Kupffer believes that the direct ancestors of vertebrates showed the same
relations as are seen to—day in the tailed Ascidian larva. In a scheme of the
ancestral vertebrate he describes the mouth (“ Palaeostoma ”) opening dorsally
in front of the brain. The brain tube is in communication with the anterior
part of the intestine by a canal running through the base of the anterior
brain vesicle. This canal has developed upon it a subcerebral gland.
Ventral to the palaeostoma is the “ Haftorgan ” on the anterior pole of the
body. In the course of development the new vertebrate mouth (Neostoma)
is formed, in agreement with Dohrn’s hypothesis, from a pair of gill-clefts
below the “Haftorgan.” The part of the intestine between the old and
the new mouth, or preoral intestine, is reduced, but persists to a certain
extent in some vertebrates. The palaeostoma is lined by epidermis, and its
representative in vertebrates is Rathke’s pouch; it also forms the outer part
of the nasal duct (“ Nasenrachengang ”) of Myxine, and the entire nasal
duct of Petromyzon. The remains of the canalis neurentericus anterior,
with its appertaining glands, are to be seen in the infundibular process and
saccus vasculosus. In mammals, the only representative of the preoral
intestine is the transitory appearance of the solid mass of cells formed from
Seessel’s pouch, but in amphibians it persists as part of the anterior lobe of
the pituitary.
Kupffer’s views on the morphological significance of the pituitary body
have not met with general acceptance. Willey (36) states that the present
relation of the hypophysis to the infundibulum in the craniates, however
intimate it may be in some cases, is, nevertheless, incidental and secondary.

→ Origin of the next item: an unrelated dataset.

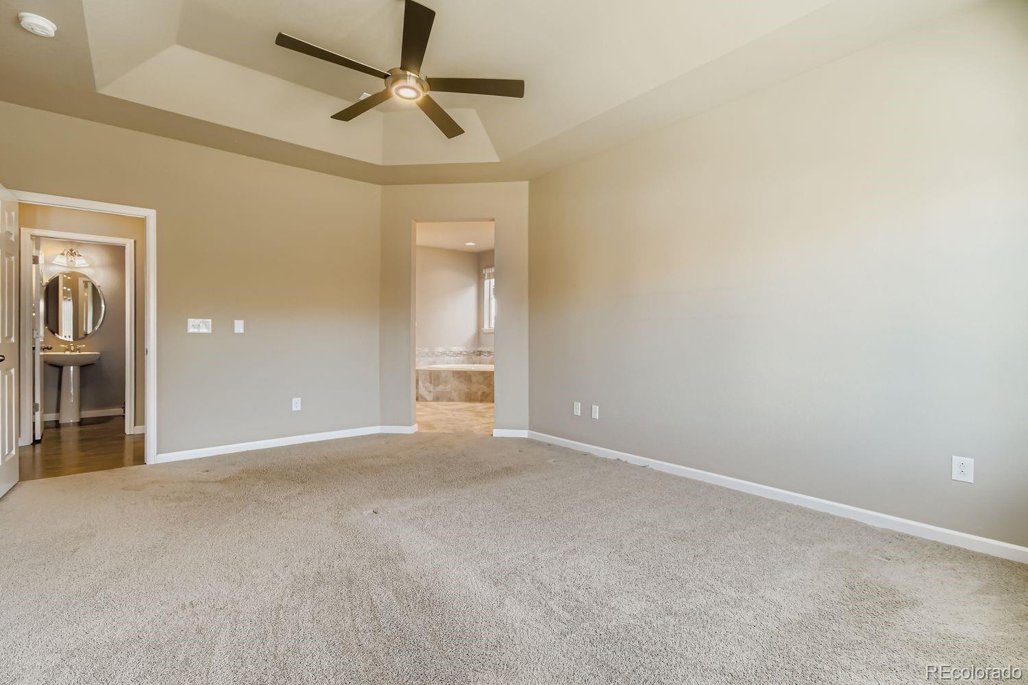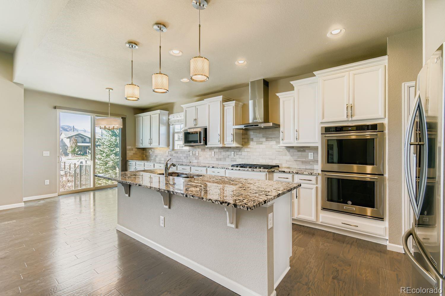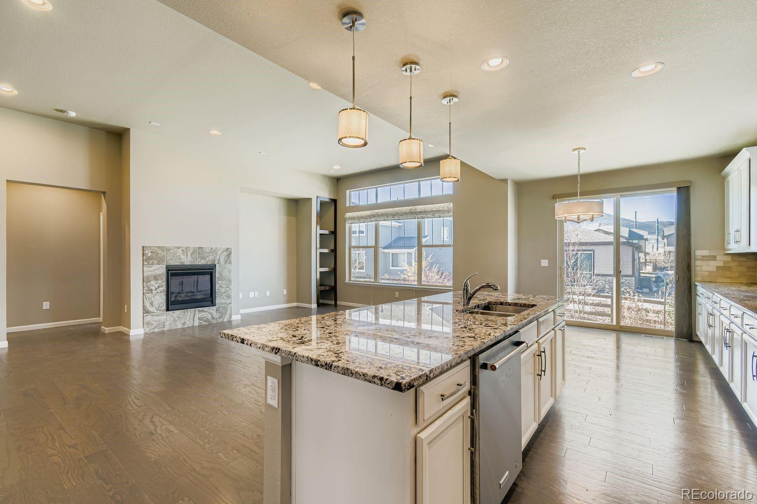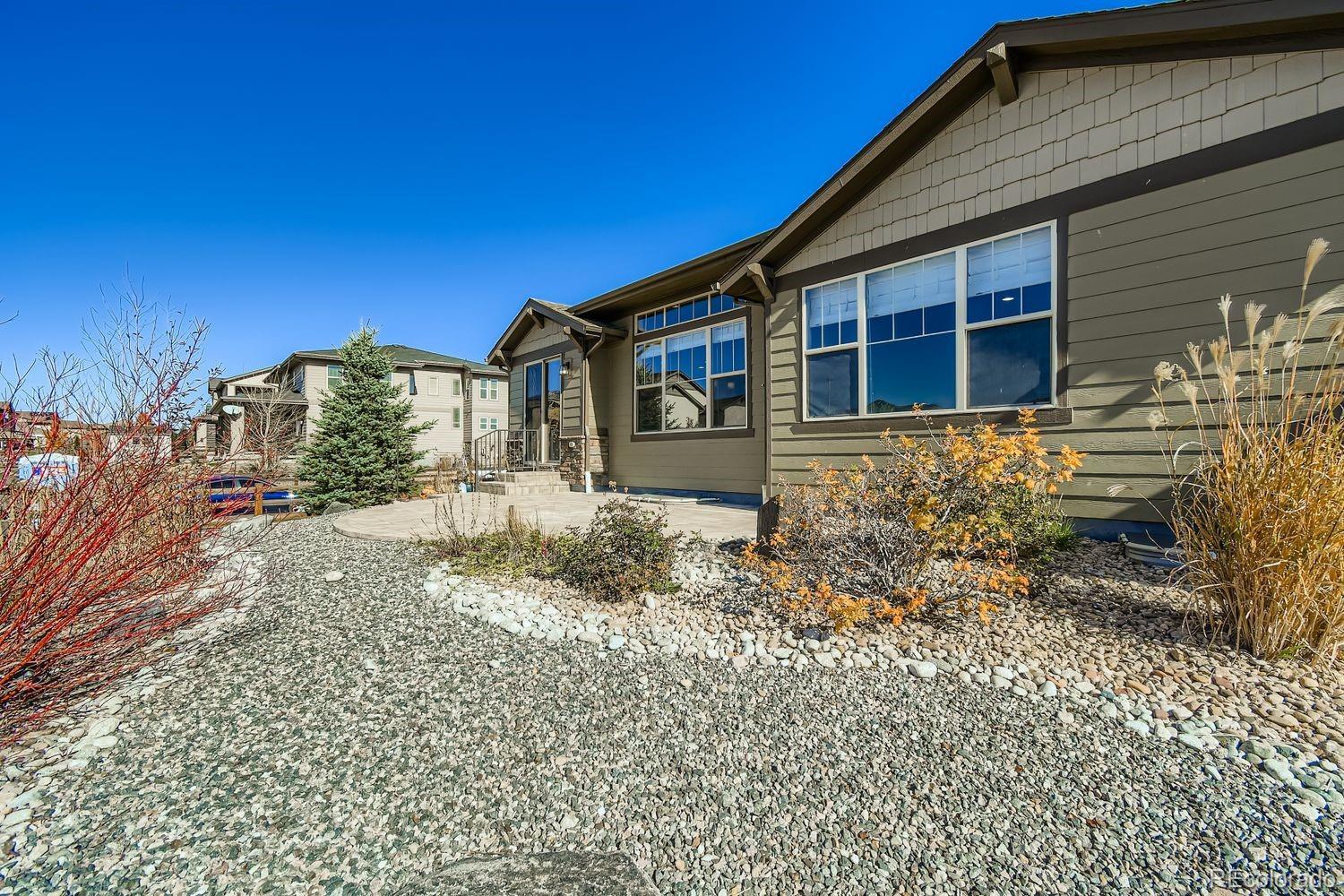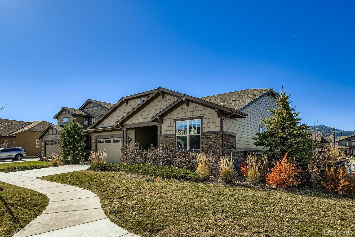 Welcome to beautifully designed 8793 Flattop Street, a sprawling ranch-style home that blends Colorado comfort with modern sophistication. It totals 4,728 square feet, 2,364 Sqft finished on the main level and 2,364 ready for your finishing touch in the full basement. Situated on a large .176-acre corner lot in one of Arvada’s most desirable neighborhoods with highly rated schools, this true single-level ease home offers bright, open spaces, and comfort with quality. At the heart of the home is the 10-foot-tall central great room filled with natural light, featuring large bright windows and a cozy fireplace for ideal lively gatherings. The chef-inspired kitchen boasts upgrade-level granite countertops, Kitchen-Aid appliances, and a generous island ideal for entertaining and everyday living. The primary suite offers a serene retreat with two spacious walk-in closets and big 5-piece en-suite bath, providing both luxury and practicality while the 2nd bedroom also includes a private en-suite bath, offering flexibility for residents or guests, as an additional office, or hobbies. The functional 3-car Tandem Garage provides easy parking for longer vehicles/toys, workshop, or storage — a rare find that adds convenience and value. Outside, enjoy your patio or covered front porch on the low-maintenance landscaped .176-acre corner lot, offering the perfect setting for morning coffee, weekend barbecues, or peaceful evenings under the Colorado sky. Leyden Rock includes a community pool ( Summer League Swim Team), clubhouse, playgrounds, parks, baseball field, and basketball court for amenities. Easy access to trails, mountains, rivers, Golden, Boulder, Denver, and everywhere. Exterior was recently painted in 2024.

Willey believes that the hypophysis arose in connection with a functional
neuropore. B. Haller (13) criticises Kupf f er’s results and differs from him
in many important particulars. He believes the nasal duct of Cyclostomata
to be a secondary structure and not related to the origin of the hypophysis.
He also states that the anterior lobe of the pituitary of mammals and
other vertebrates is a tubular gland which pours a secretion into the subdural space. The latter statement has not been confirmed by subsequent observers. Gaskell (9) quotes Haller’s results in support of the theory that the glandular hypophysis was originally the coxal gland of Arthropoda.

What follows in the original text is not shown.